Recent calls for a more expansive vision of ‘global IR’ provide a vehicle to explore these histories.Footnote 7 Yet in its treatment of disciplinary history, global IR scholarship has often favoured a substantialist ontology, preventing a more expansive understanding of the global entanglements that produced disciplinary knowledge. Essentialist narratives of national ‘schools’ of IR (British, American, Japanese, Indian, Chinese, etc.) present a methodologically nationalist framework that encourages ‘epistemic mapping’ and orientalist tropes of epistemic difference.Footnote 8 Where global connections are explored, these have often revolved around analytical bifurcations between ‘West’ and ‘non-West’, ‘centre’ and ‘periphery’, or ‘metropolitan’ and ‘colonial’ spaces. These categories are not, in essence, ‘wrong’; they serve an analytical and heuristic purpose.Footnote 9 Yet when essentialist tropes such as national signifiers, cultural zones, or regions become reified or homogenized, they cultivate the idea that categories of knowledge operate in silos, impermeable to traditions elsewhere. Where these traditions do travel, substantialist ontologies encourage a diffusionist account of knowledge percolating from a ‘knowing’ place of origin to an ‘unknowing’ destination (and failing to do so in reverse).

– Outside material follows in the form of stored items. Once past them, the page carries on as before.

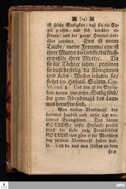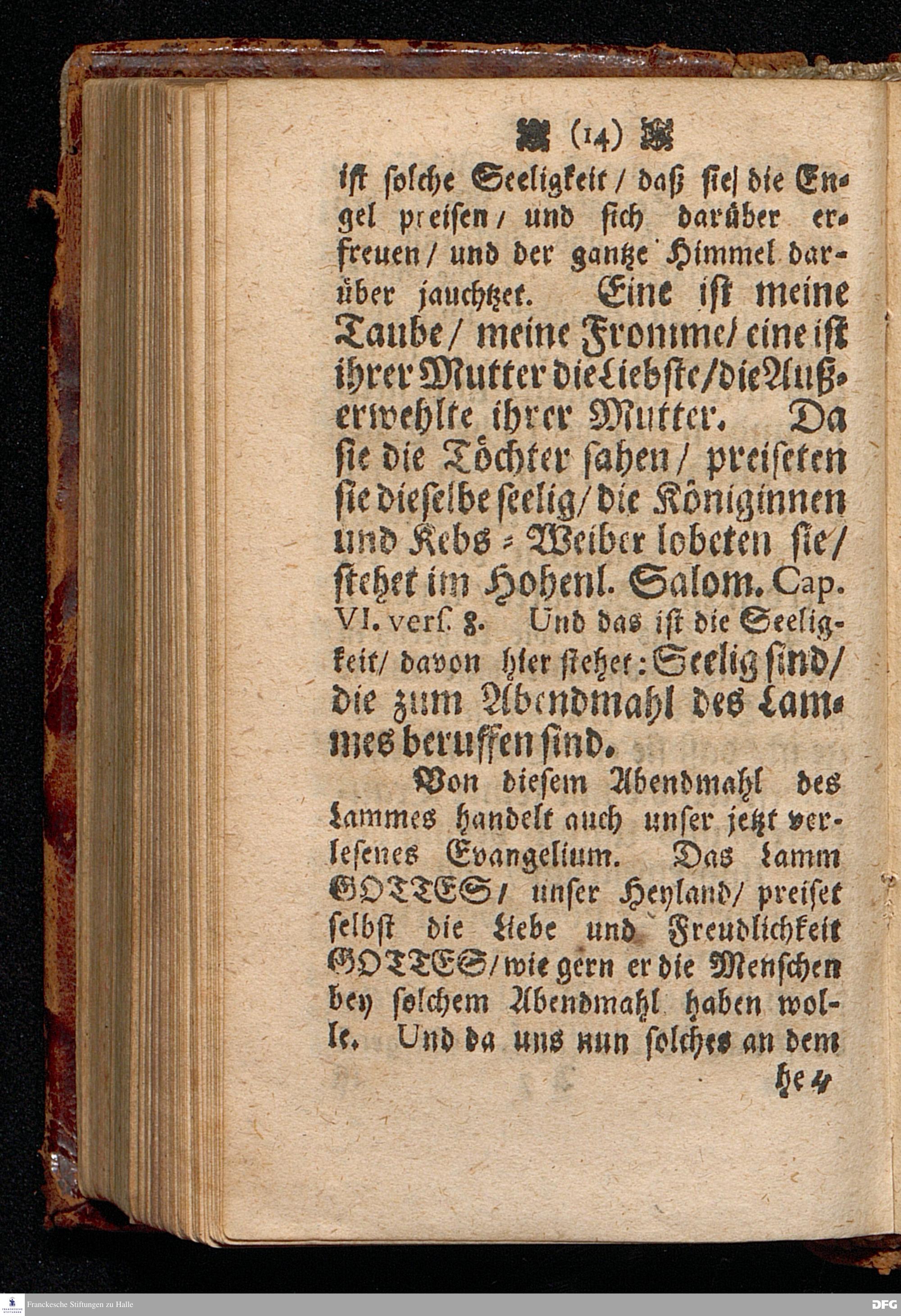 Das Abendmahl des Lammes / In einer Predigt Uber das Evangelium Luc.XIV, vers.16---24. Am 2.Sonntage nach dem Feste der H.Drey=Einigkeit Anno 1697. In der Chur=Fürstlichen Schloß=Kirchen in Lichtenburg in Sachsen / vorgestellet / von M.August Hermann Francken / SS.Theol.P.P.Ord.& Past.Glauch. HALLE / 1701.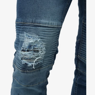 - STYLE : Easy to match ; This slim flex stretch biker jeans can be worn casual, pair with boots and tee for a chic stylish fashion. Jeans feature moto biker design with extra trendy look either ripped, repair washed camo or worn out to choose from.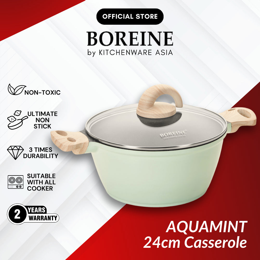 BOREINE AquaMint Non Stick Granite Cookware Kuali Periuk Batu Granite Original (18cm Saucepan / 26cm Frying Pan / 24cm Casserole Pot / 30cm Stir-fry Wok Deep Fry Pan)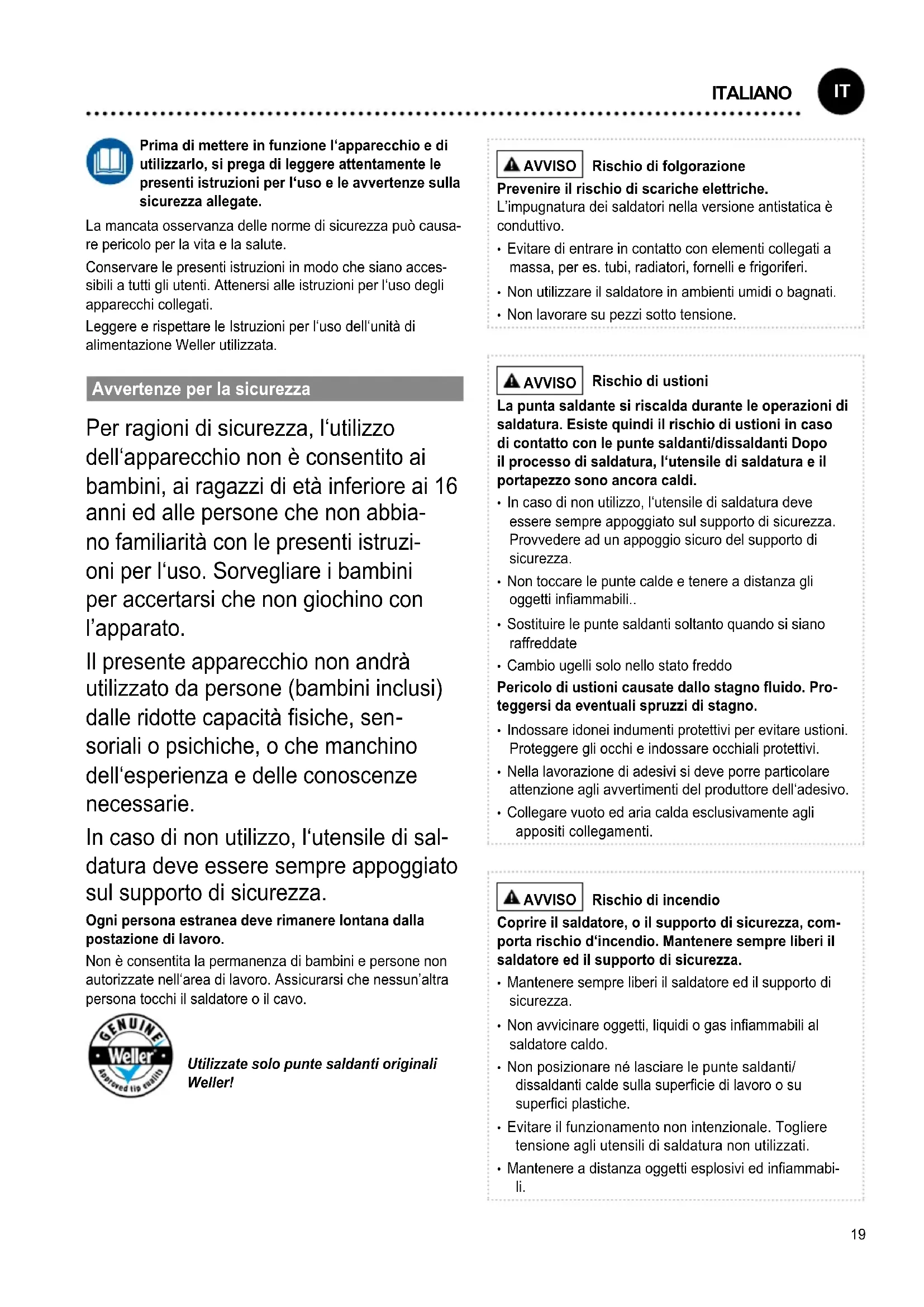 datura deve essere sempre appoggiato sul supporto di sicurezza. Ogni persona estranea deve rimanere lontana dalla postazione di lavoro. Non è consentita la permanenza di bambini e persone non autorizzate nell‘area di lavoro. Assicurarsi che nessun’altra persona tocchi il saldatore o il cavo. Utilizzate solo punte saldanti originali Weller! AVVISO Rischio di folgorazione Prevenire il rischio di scariche elettriche. L’impugnatura dei saldatori nella versione antistatica è conduttivo.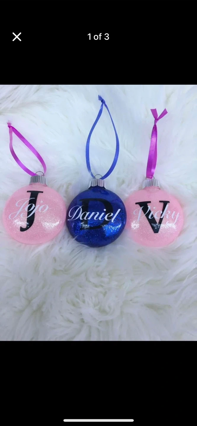 All ornaments can be customized with your choice of wordings & glitter colours and names!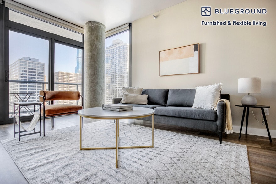 Feel at home wherever you choose to live with Blueground. You’ll love this charming Near North Side furnished one bedroom apartment with its modern decor, fully equipped kitchen, and pretty living room with great balcony views. Ideally located, you’re close to all the best that Chicago has to offer! (ID #CHI1008) The advertised rate of $3,506/month is the lowest available price, based on a 1 month(s) and 24 day(s) stay with a move-in date of March 1, 2026. If you’re looking for a 1-year stay, the rate is $3,832/month. Rates vary depending on the duration of stay, season, and other parameters. For exact pricing and additional pricing components, please visit our website and enter your desired move-in and move-out dates. The rate is applicable when billed upfront; it can be higher if billed in multiple payments. Brokers are welcome to reach out. Were you looking for an unfurnished lease? Try Blueground instead and upgrade from unfurnished to furnished living: - Furnished at rates comparable to unfurnished - No setup or furniture costs - save thousands - Move-in ready - save time, just bring your suitcase Designed with you in mind As with any Blueground apartment, you’ll find a thoughtfully designed space complete with beautiful furniture and a fully equipped kitchen in this one bedroom property. And, thanks to our superior quality mattresses, fully stocked linens, and towels, you can relax knowing you’ll always feel comfortably at home. When you’re ready for some fun, you can take in the Chicago vibes or bring the entertainment to you with the premium wireless speaker or smart TV. This apartment also offers in-apartment laundry. Sleeping arrangements Queen Bed, 63in/160cm Amenities Building amenities unique to this one bedroom apartment include an on-site: - Doorman - Dryer - Elevator - Swimming pool - Washing machine - Parking - Pets allowed Arrival and ongoing support The entire apartment is yours to enjoy! Throughout your stay, you’ll have access to our Client Experience team through the Blueground App. You can schedule additional cleanings, submit maintenance requests, and view our neighborhood recommendations with just a few taps. We’ll share all details upon confirmation of your stay. Ideally Located This furnished apartment is located in Chicago's Near North Side neighborhood. Part of the storied Miracle Mile, this thriving neighborhood set on the shore of Lake Michigan is home to some of the city's most notable skyscrapers. The Near North Side has a fabulous dining scene, with everything from Chicago-style pizza to casual pubs to five-star restaurants. Neighborhood highlights include the Museum of Contemporary Art and 360 Chicago, a skyscraper with an observation deck. There's also Navy Pier, a lakefront park with casual dining, dinner cruises and carnival rides. The Near North Side is served by the CTA's Brown, Red and Purple Lines, as well as several bus routes. Other things to note Building amenities may have an extra cost. This Blueground apartment has flexible lease options, allowing you to book it for one month, a year, or more. Pets are welcome, though weight limits and breed restrictions apply and may incur fees. Parking is offered based on availability and is subject to a fee. We take great pride in ensuring every photo displayed is shot in our own units with our actual furnishings. That said, we regularly refresh our decor and furniture arrangement, which may differ from what’s pictured. [SI]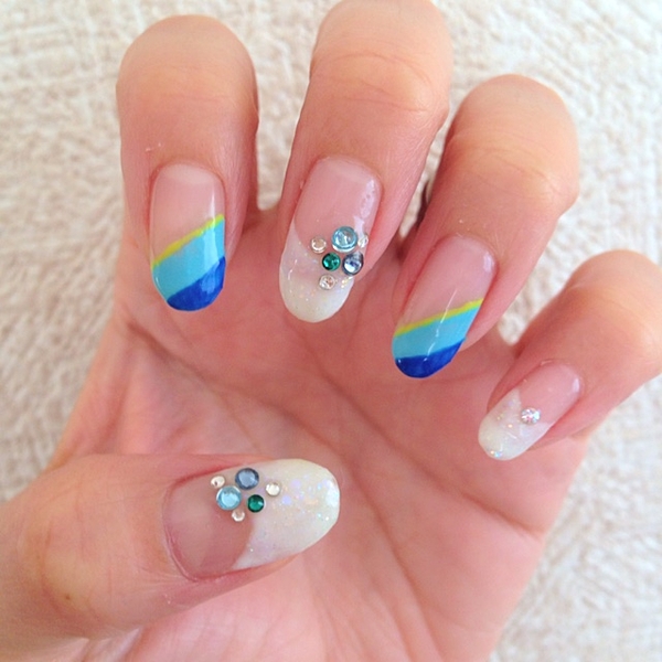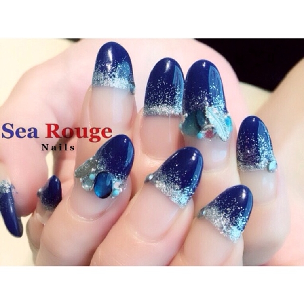 ★夏を表現する★ ★ウルトラマリンなフレンチネイル ★ラインストーンを使った涼しいオーシャンネイル ★夏らしくブルーベースのカラー #かわいかったらRT http://t.co/wV830c5ucD

Frequently, the ‘core’ (generally the ‘West’) is represented the originator of disciplinary practice now spreading to the ‘periphery’ (i.e. the ‘non-West’). The West becomes a ‘centre of calculation’, producing ‘enlightened’ rational knowledge, with the non-West a purveyor of esoteric traditions and sacral forms, or otherwise in a state of ‘catching up’.Footnote 10

Substantialist analysis also permits intellectual boundary policing entailing limitations over what counts as acceptable disciplinary knowledge – including theoretical knowledgeFootnote 11 – obscuring alternative traditions and separating out knowledge practices contained within the field. Useful here is Duncan Bell's heuristic (as opposed to ontological) distinction between knowledge practices and knowledge complexes.Footnote 12 Understanding the modern social sciences, Bell reminds us, requires attention to both. Hard distinctions drawn between international thought and the formal discipline of IR, or between scholarly practices and the ‘real world’ of IR, naturalize and render transhistorical the historically evolving set of knowledge practices that constitute the field, overlooking their assemblage within wider knowledge complexes.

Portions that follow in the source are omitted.